= Exceptional Collector Award =

The DCI Exceptional Collector National HUMINT Award is a decoration awarded annually by the U.S. Director of Central Intelligence to recognize individuals and groups for improved Human Intelligence (HUMINT) collection and reporting of information that is of significant value to the U.S. intelligence community.

==Notable Recipients==
- Ambassador J. Cofer Black, Former Director of the CIA's Counterterrorist Center (1994)

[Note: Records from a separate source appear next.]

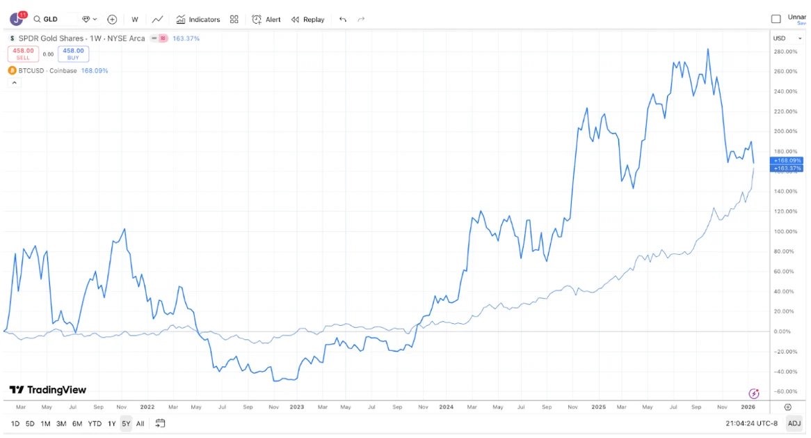 Джерело TradingView, порівняння доходності за останні 5 років між біткоїном (BTC) та золотом (GLD)
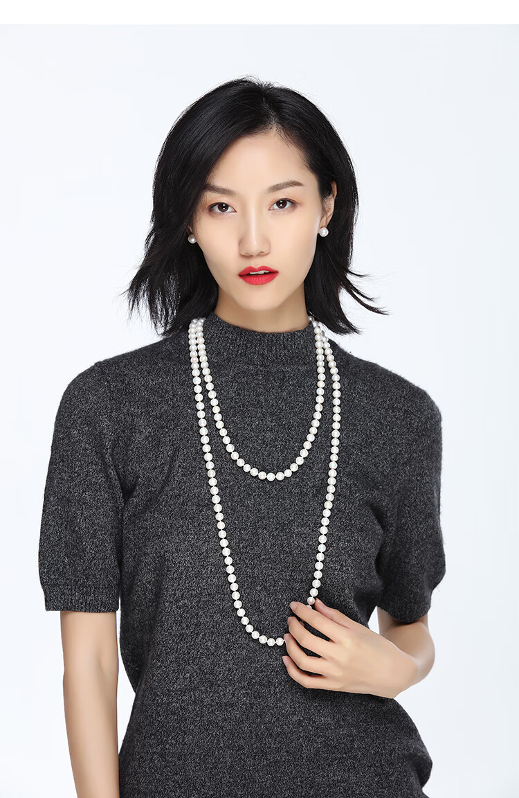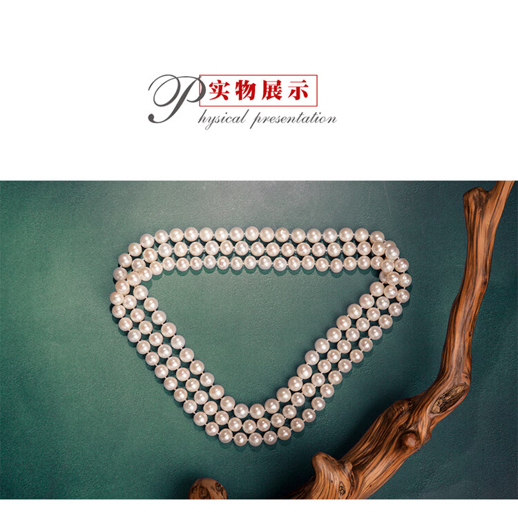 DL 1998胖东来品质妈妈珍珠项链珍珠项链长款毛衣链中老年人婆婆送妈妈款 近正圆亮光细微i瑕 7-8mm x 96cm
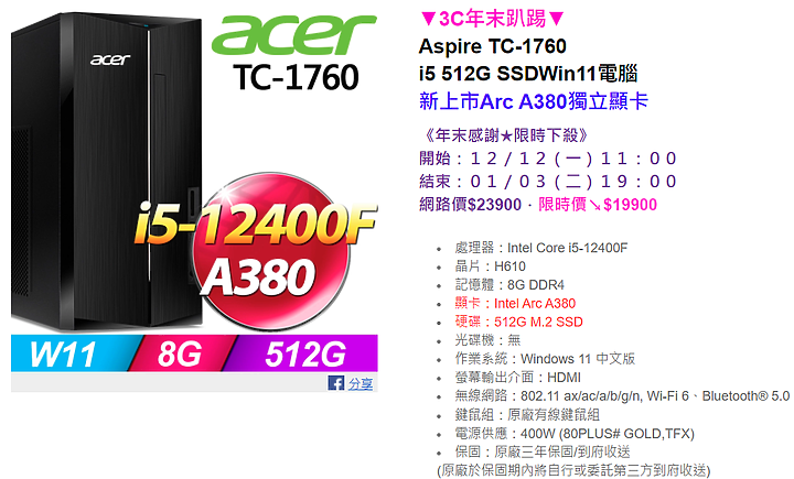 之前原價屋有塊技嘉的6650XT只賣7390比微星的6600賣6990僅多了400元,才是性價比較好選擇,可惜你來晚了,賣光光了現在原價屋把對標3060及6600XT的A750原價9690降了2700元賣6990..還送個大禮包遊戲大作:* 決勝時刻:現代戰爭II 2022 價值$2219創作者軟體(五選三):* PowerDirector 365™ (威力導演365 影像剪輯一年訂閱) 價值$1980* D5 Render™ (專業渲染 3個月訂閱 ) 價值$3490* MAGIX Video Pro X14 (影片剪輯 6個月訂閱) 價值$1845* Topaz Gigapixel AI (AI無損優化照片解析度 完整下載) 價值$3075* XSplit Premium Suite (實況直播 3個月訂閱) 價值$1845原價屋Intel A750跳水大拍賣
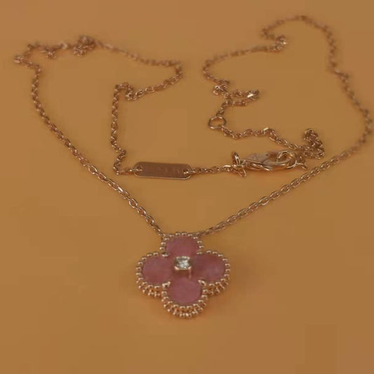 Rhodonite cz clover necklace 15mm clover size 925 silver 18k rose gold plated
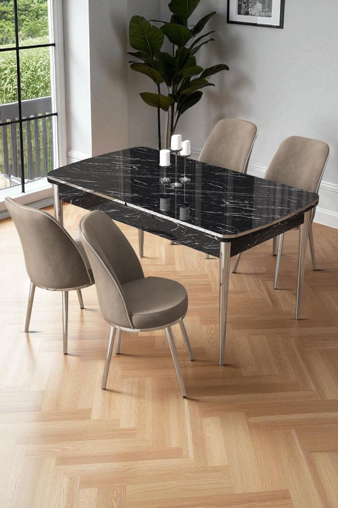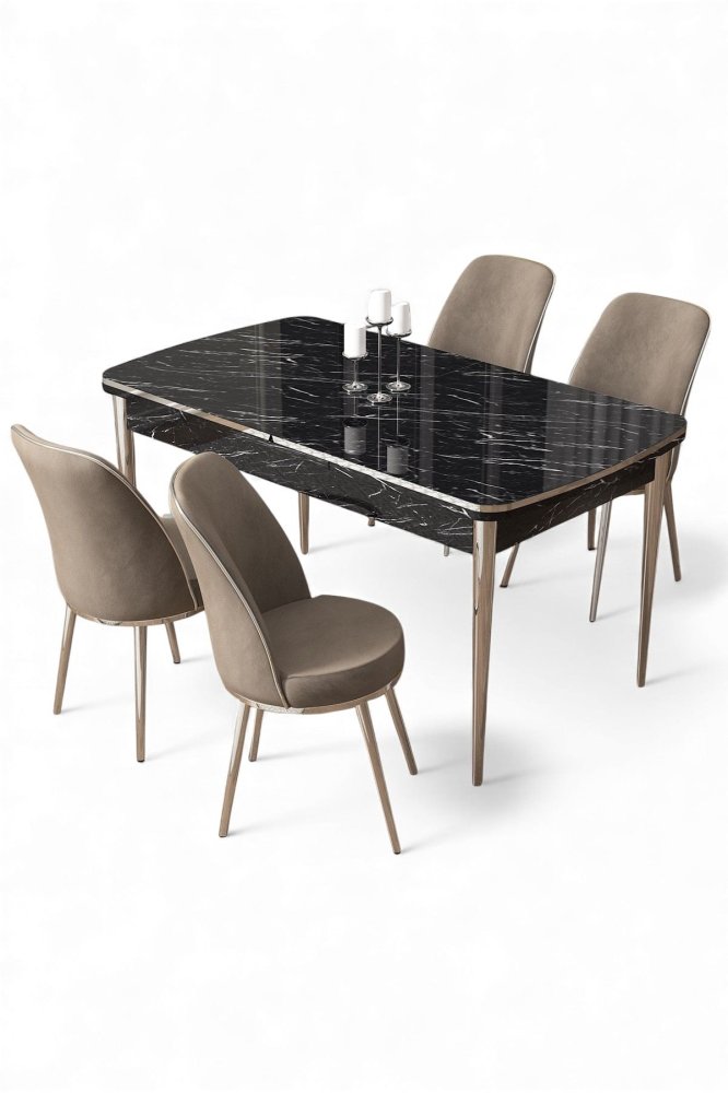 | Specifikacija | Rasklopivi trpezarijski sto i stolice (5 delova) Nira Black Marble Chrome Cappuccino 100% MDF Metalne nogare Okvir stolice: METAL Materijal: Mekana tkanina Trpezarijski sto: Širina: 114 cm Visina: 78 cm Dubina: 78 cm (1 komad) Otvoreni trpezarijski sto: Širina: 144 cm Visina: 78 cm Dubina: 70 cm Stolica: Širina: 45 cm Visina: 91 cm Dubina: 42 cm (4 komada) Visina sedišta: 47 cm 22 DNS pena za leđa / 28 DNS pena za sedenje Broj pakovanja: 3 118,5 x 77 x 20 cm / 25,76 kg (1 komad) 77 x 58 x 49 cm / 16 kg (1 komad) 63 x 49 x 45 cm / 8 kg (1 komad) |
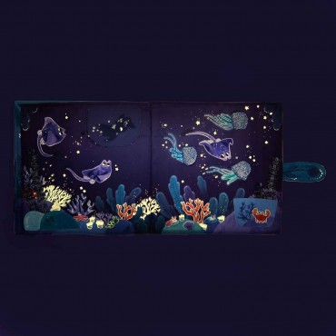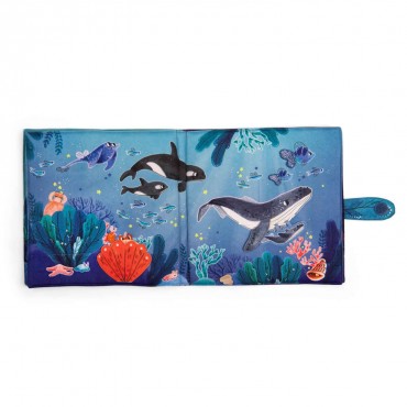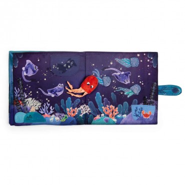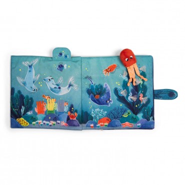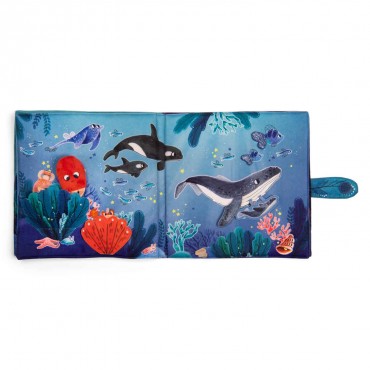 Grand livre en tissu portant sur le thème emblématique des fonds marins.
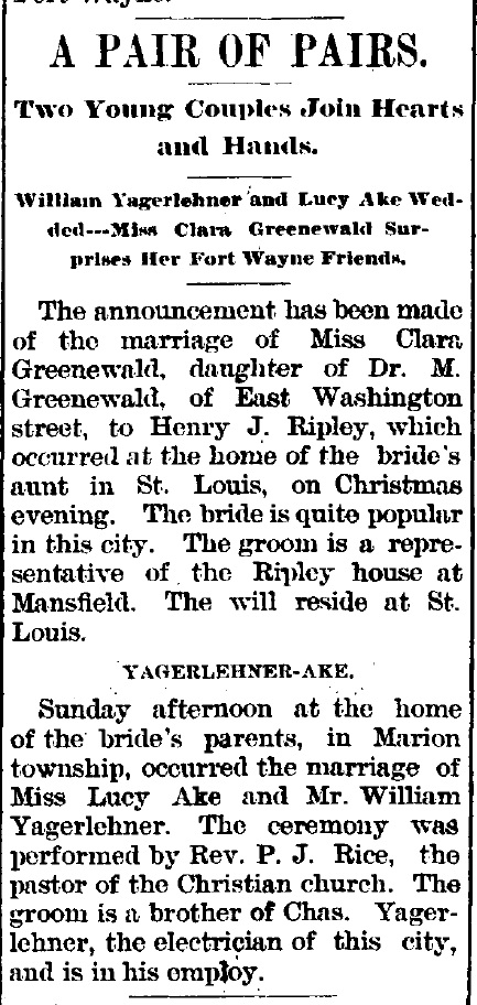 “Funeral Services of Mary Yagerlehner,” Wabash Plain Dealer (Wabash, Indiana), 6 September 1917, p. 1, col. 7; digital image, Newspaper Archive (http://newspaperarchive.com : accessed 14 December 2013).

- Lt. Col. Roger S. Dong. US Military attache, Taiwan (1996)
- Staff Sergeant Edwin Rodriguez Pazo. US Army. (1992)
- Special Agent Ronald T.Guerin. East Asia Section, Counterintelligence Division, FBI. (1991)
- Jonathan Hilyard, Task Force 168, Office of Naval Intelligence (1993)

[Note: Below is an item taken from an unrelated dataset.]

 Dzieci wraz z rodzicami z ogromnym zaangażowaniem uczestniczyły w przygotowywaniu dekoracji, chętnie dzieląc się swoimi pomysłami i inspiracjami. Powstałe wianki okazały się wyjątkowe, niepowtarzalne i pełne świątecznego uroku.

- CWO-4 David E. Mann. US Army Counterintelligence Agent, Central America, (1995?)
- Jonathan Hilyard, DH-4, Defense HUMINT Service, Defense Intelligence Agency (1995)
- Ambassador Carol A. Rodley, US Ambassador to Cambodia
- Ivan and Teresa Sarac, Defense Attache Office (Army), US Embassy Belgrade and Zagreb. The Saracs are the only husband and wife team to have received this award twice
- Marc J. Sievers, Political Officer Mission, U.S. Embassy to Egypt, (198?)
- Mark Kelton, former Deputy Director of the National Clandestine Service for Counterintelligence.